A lot of these post have come up lately on different forums.
The best piece of advice I can offer is, if one wants to make a living in gun smithing, diversify.
I had a shop for a while, started out as a hobby, then I started building 1000 yard match rifles for members of the Alaska National Guard Rifle team.
About the same time I saw a friend of mine go belly up, couldnt make a go of it. He was a dern good smith too.
One day I was off work because I injured my hand. I was hanging around his shop when a guy from the auto parts store next door came in wanted 4 wheel spacers openned up .020 for a larger hub.
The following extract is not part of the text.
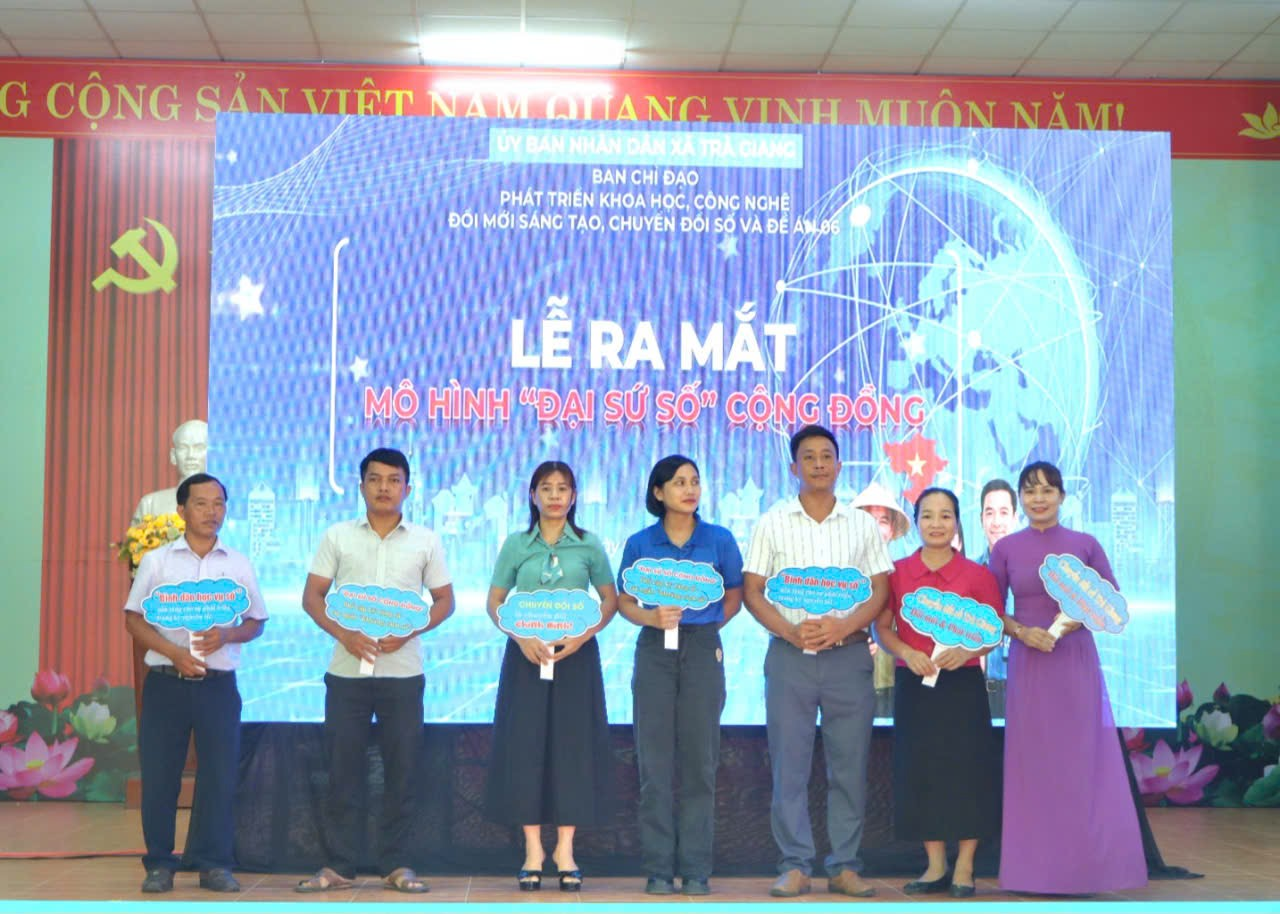 Sáng ngày 01/10/2025, UBND xã Trà Giang đã long trọng tổ chức lễ phát động phong trào “Cả nước thi đua đổi mới, sáng tạo, chuyển đổi số” và phong trào “Bình dân học vụ số”, đồng thời ra mắt mô hình “Đại sứ số” tại cộng đồng. Một điểm nhấn quan trọng tại Lễ phát động đó là chính thức ra mắt mô hình “Đại sứ số” trong cộng đồng.

My friend started ranting about being a gun shop and not a machine shop. Good friendly fuss started. While he and the auto parts guy was fussing, I took the hubs, using my buddies lathe, openned up the hubs. The four hubs took me 20 minutes total and I made $20 a peace. $80 Bucks in 20 minutes. My buddy just laughted and said he still wasnt a machine shop.
Later I desided to open my shop, working out of my garage. I put two adds in the yellow pages, one for Gunsmithing, one for Machine Shop. My phone rang off the hook. I did some work on guns, I did a lot of light machine shop work.
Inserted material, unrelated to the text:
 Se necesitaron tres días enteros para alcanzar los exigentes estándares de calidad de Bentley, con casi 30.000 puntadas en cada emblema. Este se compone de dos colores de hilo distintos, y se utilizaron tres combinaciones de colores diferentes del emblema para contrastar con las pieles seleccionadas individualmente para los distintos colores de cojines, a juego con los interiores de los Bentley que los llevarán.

There are lots of Machine shops out there, few will take on the small nickle and dime jobs. I did, I was making dern good money that supported my gun hobby.
The problem is, I was working full time, running a National Guard Unit, and raising a family. I ended up ruining a good hobby. I got were I hated to get up. I spent all my awake, not working time in the shop.
I closed up. Firguring I would start up again when I retired. Instead I desided to be retired. I only work on my stuff, build a gun every now and then for my kids or grandkids, but my main hobby now is chasing my granddaughter's basketball/Vollyball teams all over the state.
You need equipment, lathe, milling machine, belt sanders, grinders (polishing and grinding) air compressor, bluing tanks, welders, gas, arc and mig. Not to mention the tons of small tools and gigs, but you can make a lot of them.
If you get started, have the machinery, and skills, don't be afraid to take in light machine work. Guy here in town does light machining. Most of his buisness comes from the larger machine shops. The large shops say anything under $1000 is a small job and wont talk to you. For 15+ years he's been trying to get me to open up to take some slack off him. I don't want to work, I want to be retired. Still neighbors bring me projects.
The name of the game is DIVERSIFY. As you progress, if you do good work, and provide good service, your gunsmithing will grow. Until then machine work will feed your family.